Nominee for NASA deputy administrator testifies before senate committee

James Morhard, the current deputy Senate sergeant at arms, speaks before the Senate Committee on Commerce, Science, and Transportation during his confirmation hearing to be NASA’s deputy administrator. Photo Credit: Bill Ingalls / NASA
James Morhard, President Donald Trump’s nomination for NASA deputy administrator, testified before the Senate Committee on Commerce, Science, and Transportation Aug. 23, 2018, at his confirmation hearing.
While Morhard has no experience in the space industry, he told the committee his career as a civil servant in the U.S. Senate has prepared him for the job as the second-in-command of NASA.
“Over and over again, I’ve led organizations though difficult situations by creating an atmosphere of collaborative teamwork that turns visions and goals into realities,” Morhard said in his opening statement.
Morhard said that while he was the appropriations staff director, he worked to get consensus with Democratic and Republican lawmakers to get appropriation bills done.

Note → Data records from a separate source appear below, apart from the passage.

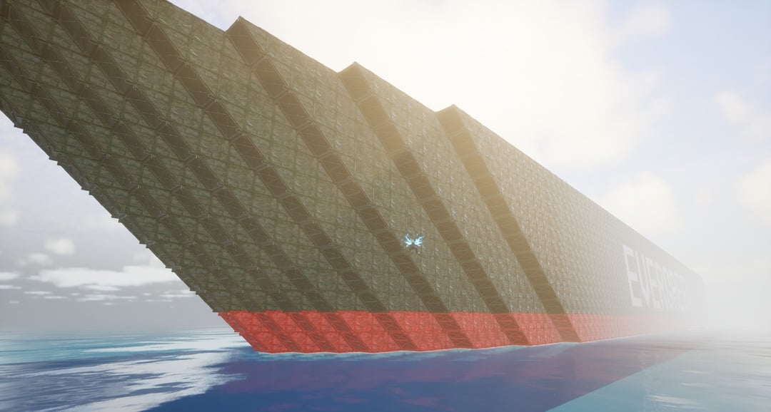 船体しか作っていないのであまり自慢することはありません。マップの端(かなり端に近い…)に建っていたので360度海に囲まれており、それが初期段階で気付けなかった問題かもしれません。周囲に識別できる陸地がないため、船の巨大なスケールを伝えることができません。
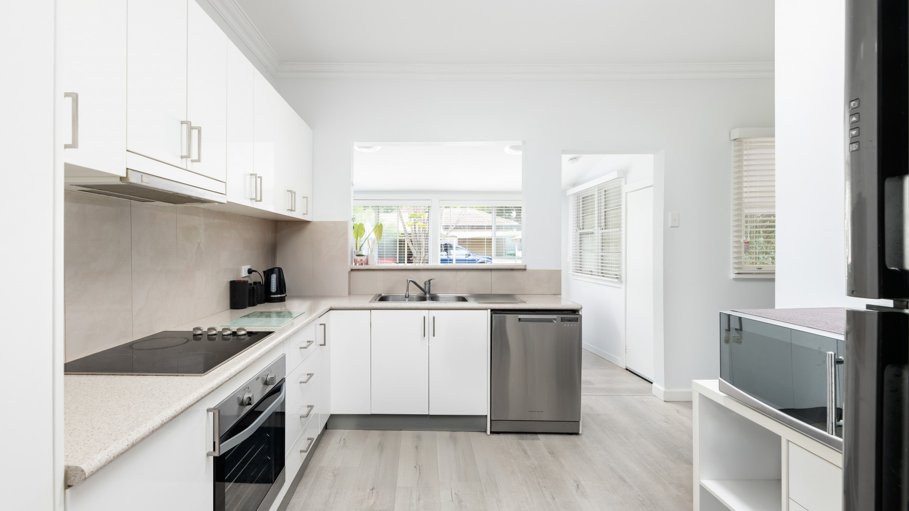 - Contemporary, centrally positioned kitchen bathed in natural light from skylight, complete with quality appliances including a dishwasher, plus generous cupboard and bench space.
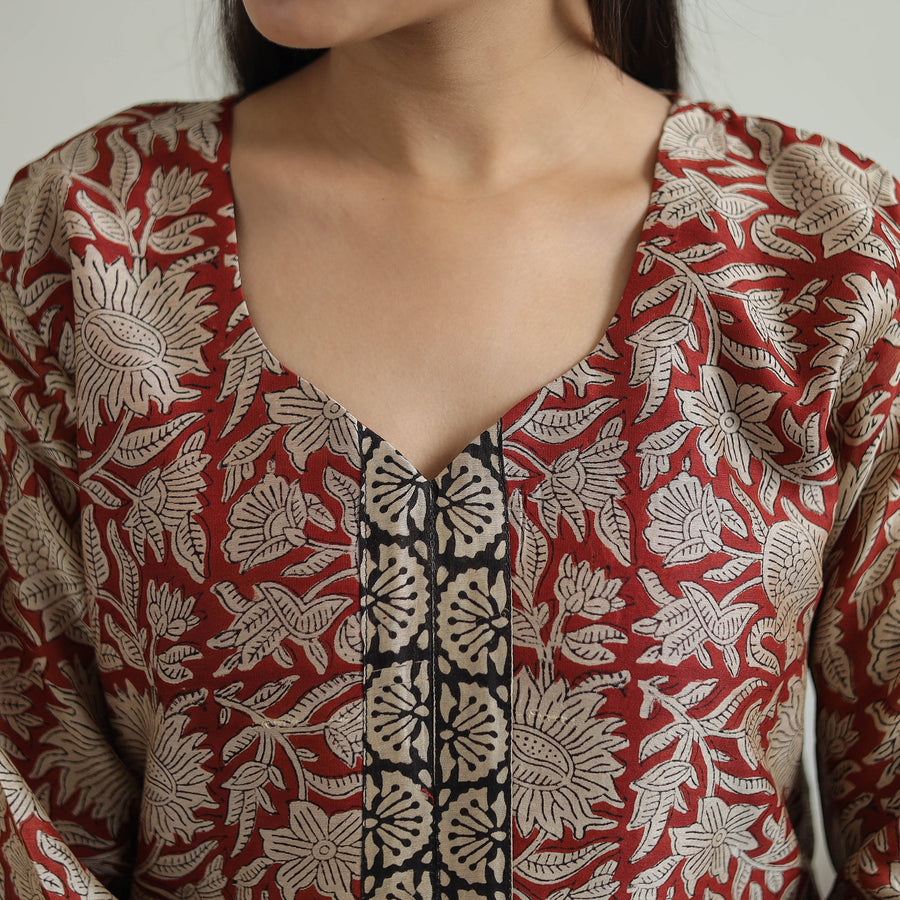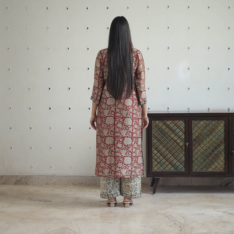 | Material | Step up your style with our red hand block bagru print chanderi silk kurta set . This ensemble includes a stylish kurta with one side pocket, comfortable cotton palazzo with an elasticized waist & two side pockets, and a zari-bordered dupatta, all featuring traditional Bagru block print motifs. Each piece is handcrafted by skilled artisans, preserving traditional techniques. Perfect for festive occasions or casual elegance, this suit reflects timeless artistry. |

He said that included working with their staff, the agencies that would receive the appropriations, the Congressional Budget Office, the House of Representatives, the Office of Management and Budget and the White House.

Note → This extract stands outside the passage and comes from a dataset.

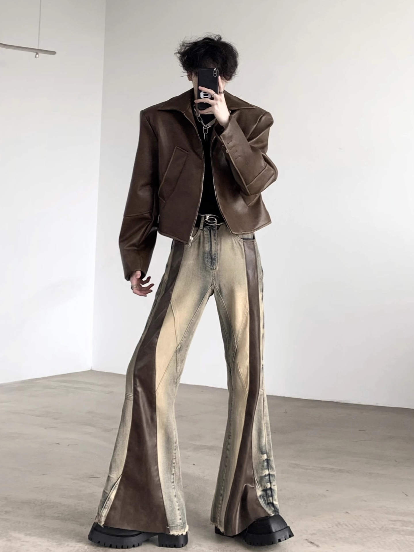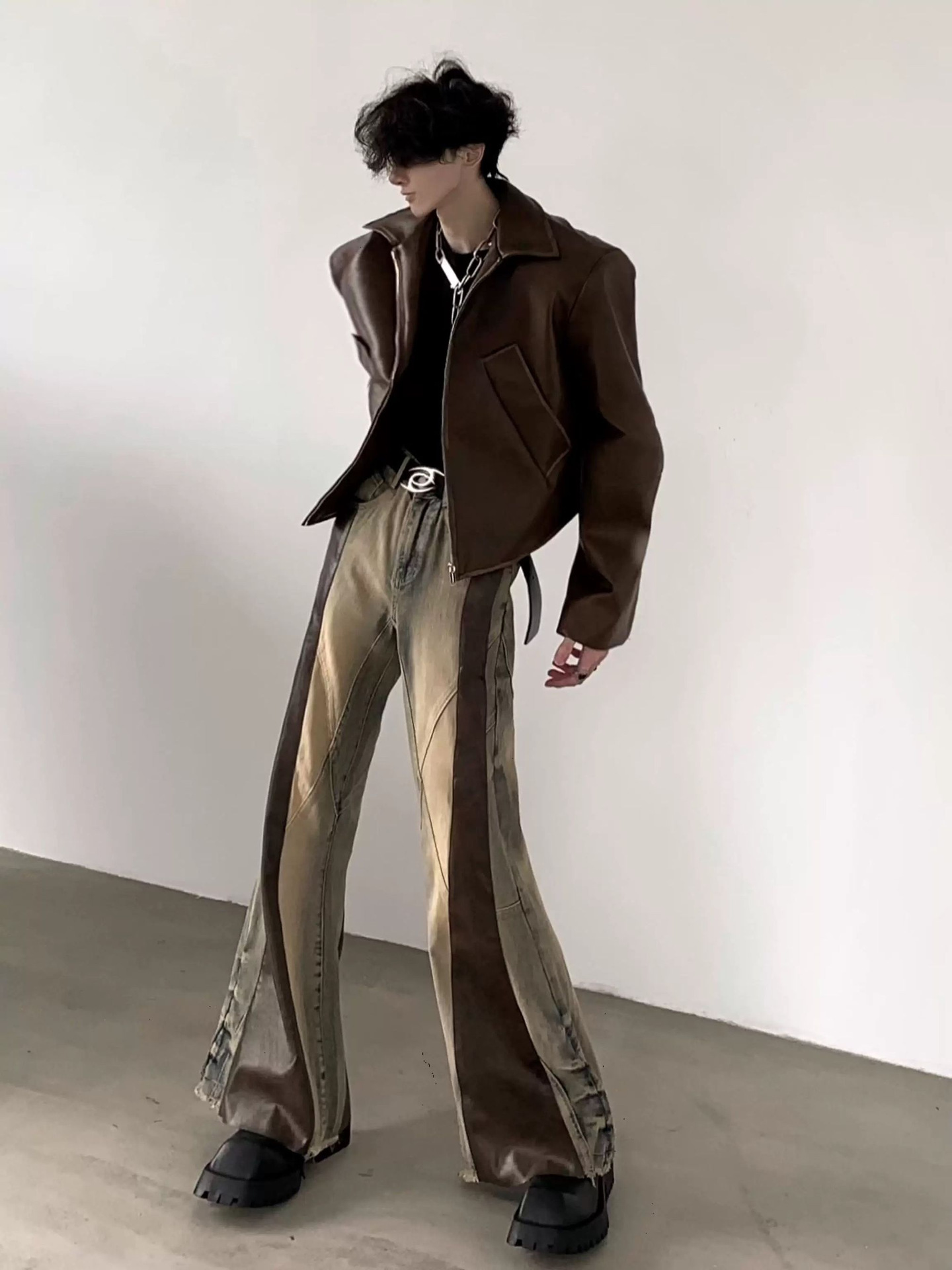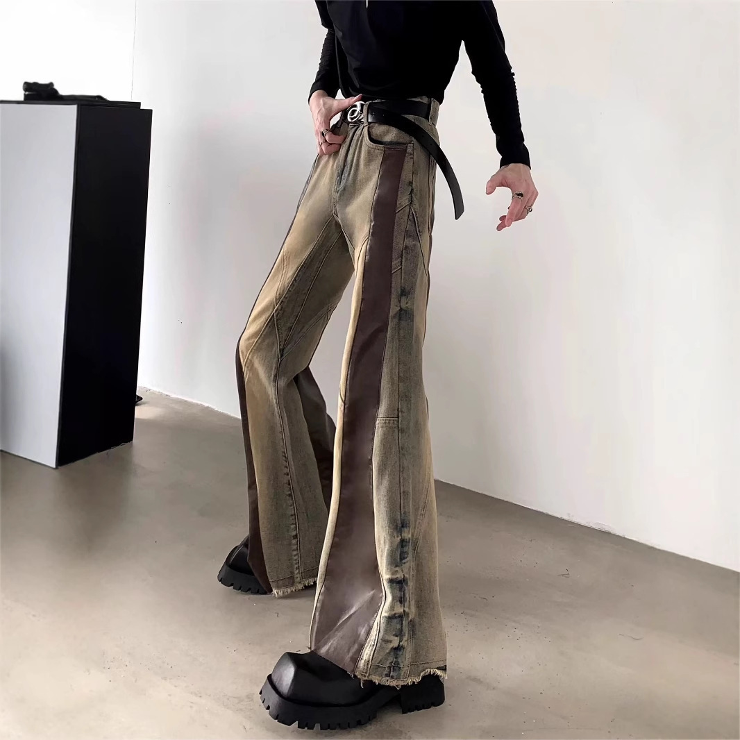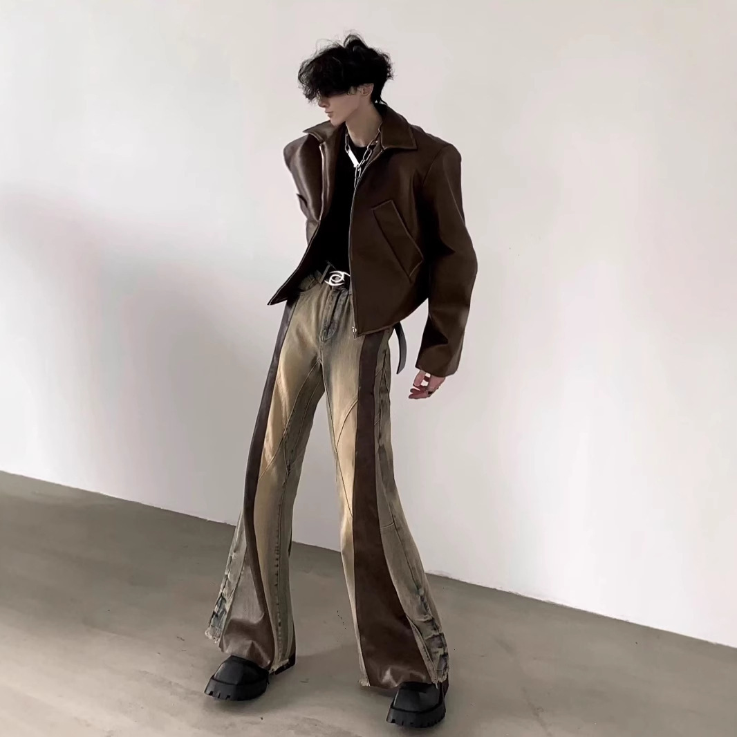 Retro Washed Distressed Loose Straight-Leg Wide-Leg Pants For Men

“One year, only two bills were expected to pass,” Morhard said. “We worked both sides of the isle and together, all 13 were enacted.”
Morhard is currently the deputy sergeant at arms for the U.S. Senate and his been in that position since early 2015. He began civil servant career in the secretary of the Navy’s Office of the Comptroller. He has a bachelor’s degree in accounting from Saint Francis University of Loretto, an MBA from George Washington University and doctorate in law from Georgetown University.
Before the hearing started, Senate Majority Leader Mitch McConnell, R-Ky., spoke personally for Morhard, listing his qualifications, specifically his six years as the clerk of the Senate Appropriations Subcommittee on Commerce, Justice State, and the Judiciary (now the Subcommittee on Commerce, Justice Science, and Related Agencies). McConnell said Morhard was the point person on funding NASA and scientific community.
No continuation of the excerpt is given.